The spectral analysis showed a more robust estimate when using the flicker noise model instead of the general power-law noise model. Klos et al. (2017) linked very small spectral indices (smaller than − 0.5) to the short time series in their analysis of the vertical velocity uncertainties, using a global set of IGS reprocessed time series (Rebischung et al. 2016). We found those also for some of the longest time series in southern Sweden. Klos et al. also found spectral indices close to flicker noise at stations near the Baltic Sea, but we could not observe any similarity there with a much denser network. This points out the different stochastical properties of global and regional solutions. We should have long enough time series from the oldest stations for detecting potential random walk (Klos et al. 2017), but it had a negligible role in our results. However, we recognize the difficulty in estimating small parts of RW in the presence of FN noise pointed out by Dmitrieva et al. (2015). The removal of the common mode error in the network may have revealed better RW characteristics, but we did not expect to get significant differences in the final uncertainty estimates in that way.

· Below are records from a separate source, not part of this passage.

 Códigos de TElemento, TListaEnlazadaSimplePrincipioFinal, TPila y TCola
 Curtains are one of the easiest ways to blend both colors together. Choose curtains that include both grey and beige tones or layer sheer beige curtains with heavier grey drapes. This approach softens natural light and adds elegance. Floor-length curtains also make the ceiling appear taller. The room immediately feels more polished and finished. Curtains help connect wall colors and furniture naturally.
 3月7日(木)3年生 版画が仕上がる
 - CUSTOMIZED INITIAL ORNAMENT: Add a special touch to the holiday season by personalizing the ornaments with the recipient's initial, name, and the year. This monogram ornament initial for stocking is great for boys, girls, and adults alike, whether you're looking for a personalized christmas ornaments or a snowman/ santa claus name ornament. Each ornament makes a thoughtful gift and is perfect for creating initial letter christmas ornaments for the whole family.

The estimated uncertainties for the Finnish and Swedish stations, having almost 20 years of data, were lowest on the 0.01, 0.03 mm/year level (horizontal and vertical), raising some speculations about still too optimistic uncertainties. We removed only annual and semi-annual signals in the uncertainty analysis, and the potentially remaining periodical signals, like GPS draconitic year, should evenly increase the uncertainty. However, the difference between the 3- and 10-degree solutions was less or equal to the 3-sigma noise estimate, showing very robust velocity estimates. In practice, the large amount of data drastically decreases the uncertainty despite the statistically correct noise modeling.

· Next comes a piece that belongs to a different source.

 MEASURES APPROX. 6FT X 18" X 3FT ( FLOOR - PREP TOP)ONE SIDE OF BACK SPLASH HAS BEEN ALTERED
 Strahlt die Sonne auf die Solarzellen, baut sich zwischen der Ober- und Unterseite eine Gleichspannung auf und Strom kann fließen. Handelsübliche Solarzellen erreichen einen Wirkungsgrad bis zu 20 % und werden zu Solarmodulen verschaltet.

Our uncertainty estimates describe only the noise component of the time series. The horizontal velocity differences found at Swedish co-located stations suggest an unknown uncertainty that is not observable without co-located stations. A potential reason for systematic differences could have been the differences in the time span combined with the changes in the satellite system (satellite types and constellation) over time. However, in our case study in the pre-analysis phase, we observed a similar size of differences though the same time span was used. Thus, the reason for the systematic differences remains still unknown and needs to be re-analyzed in the next reprocessing.

Conclusions

We have produced an ITRF2014 position and velocity solution including uncertainties for 252 stations mainly in the Nordic and Baltic countries. We combined up to 20 years of daily solutions with full covariance matrices instead of a station-wise and component-wise analysis. The velocity field is more accurate and denser than any previous estimates through thorough and individual pre-analysis of the station position time series. We found significant velocity differences at the co-located stations, pointing out biases not included in the formal uncertainties. We concluded the flicker plus white noise uncertainty estimates were more robust compared to the general power-law estimates, though they may be still somewhat too optimistic for single stations.

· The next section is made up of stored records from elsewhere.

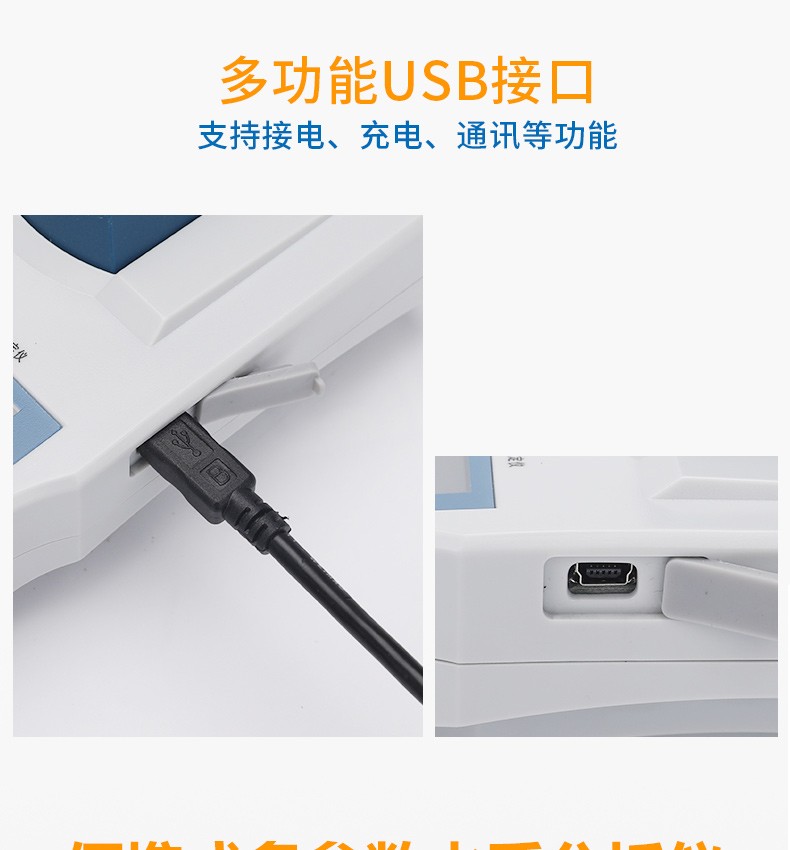 带有USB接口,支持与PC、打印机等连接;
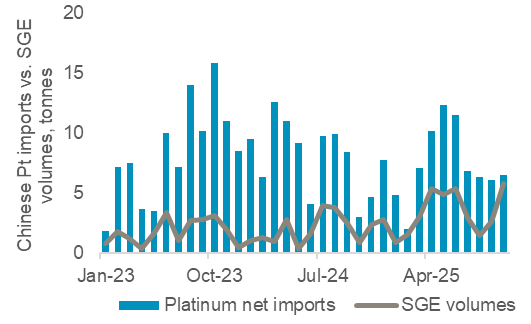 Figure 7: One-way flow means SGE volumes only make up a proportion of China’s platinum imports. A recent trend higher may be a function of growing investment and jewellery demand.
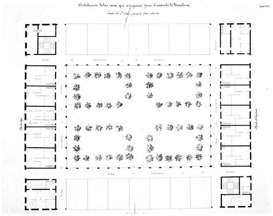 The Spanish urban planning of this period largely responded to these circumstances with expansive strategies, materialized in the form of urban expansions—contrasting with the very popular interior reform operations in the European context following the transformation of Haussmann’s Paris or Vienna’s Ringstrasse (de Lille 1999). Although Spain would not finalize an Extension Law (“ley de ensanche”) until 1864, Barcelona with its Plan Cerdà and Madrid with its Plan Castro advanced toward this solution due to urgent needs. This was followed by Spanish towns such as Bilbao, San Sebastián, Valencia, and Palma. Unsuitable living conditions were one of the driving forces behind these urban proposals, which aimed to overcome the situation through the demolition of city walls—when they existed—and the creation of extensions. Additionally, housing was a central issue in debates surrounding expansions, which were also considered as residential extensions intended to solve the housing problem for lower classes. In the 1859 Atlas of the Theory of City Construction (Cerdà 1991), Ildefons Cerdà cited legislative initiatives from other countries, including the establishment of the Society for Improving the Condition of the Working Classes in England in 1844, and examples of French workers’ cities. Based on these references, in the Memoria del Anteproyecto del Ensanche de Barcelona (1855) (Cerdà 1858), he proposed various properties categorized as second-rate houses for the working class, organized around a block with a central courtyard (Figure 1).
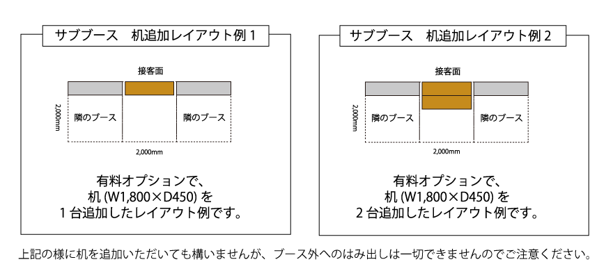 - ●メインブースとサブブースを併設することはできません。また、出品者様同士でメインブースとサブブースを隣接させることもできません。
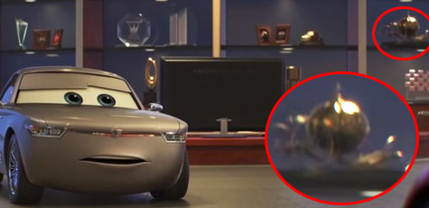 訓練總部的電視螢幕有出現下一部皮克斯電影【可可夜總會】的場景,這是某一位訓練車手的家鄉,訓練時看著老家的畫面給他激勵。
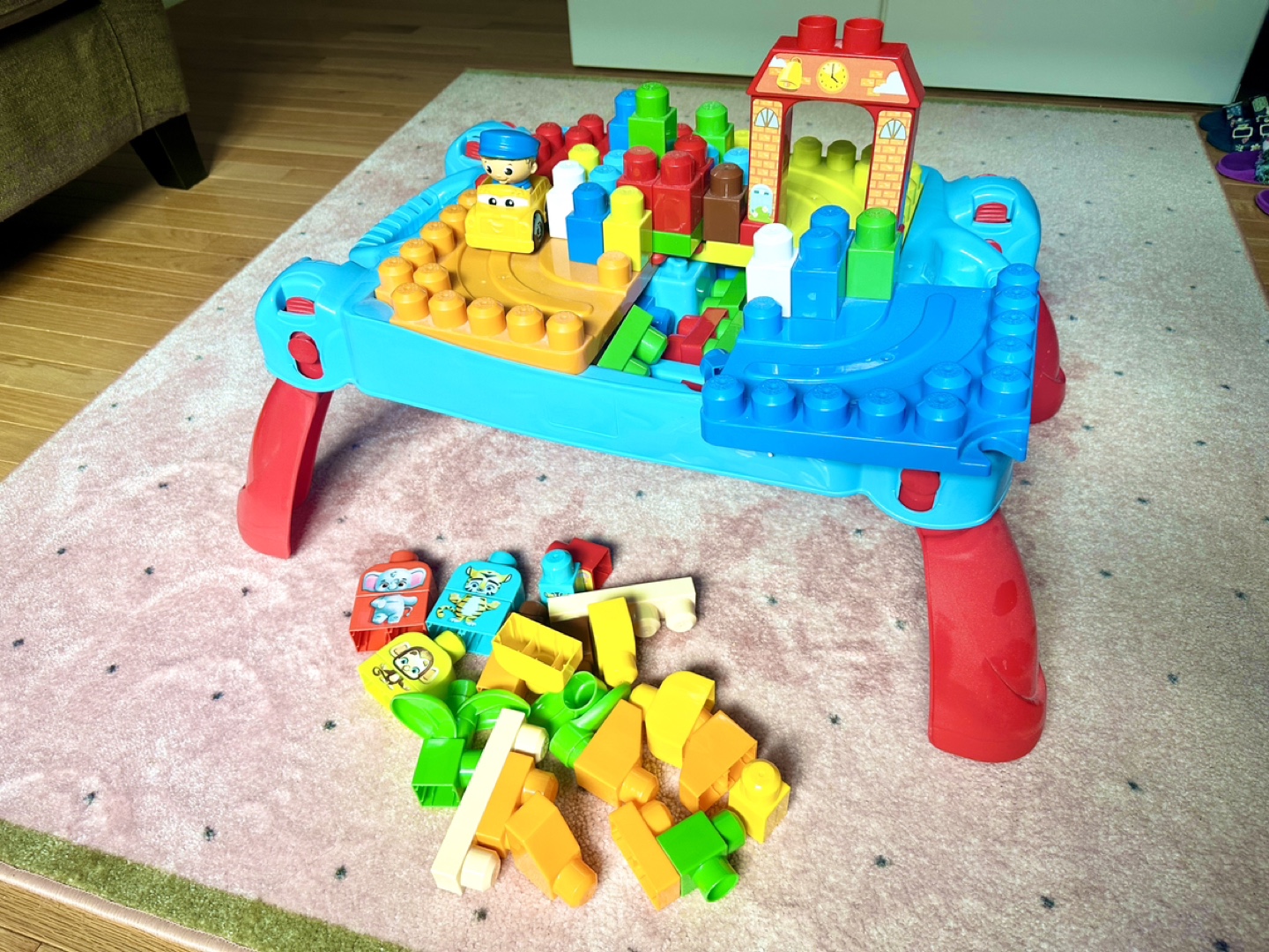 Toddler Toy - Mega Bloks building table - similar to this but some blocks are different (I don ’t have the purple bloks, for example): https://www.toysrus.ca/en/Mega-Bloks---Build-N-Learn-Table/75BC826A.html

This ITRF2014 densification solution is a long-awaited update of the Nordic–Baltic velocity solution and now includes a position solution as well. High-quality station velocities and positions are crucial for maintaining the Nordic–Baltic reference frames that are affected by the GIA. In the future, we aim to produce regular cumulative updates on this solution to take full benefit of the newly established stations in many countries and to consider, for example, equipment changes at the stations.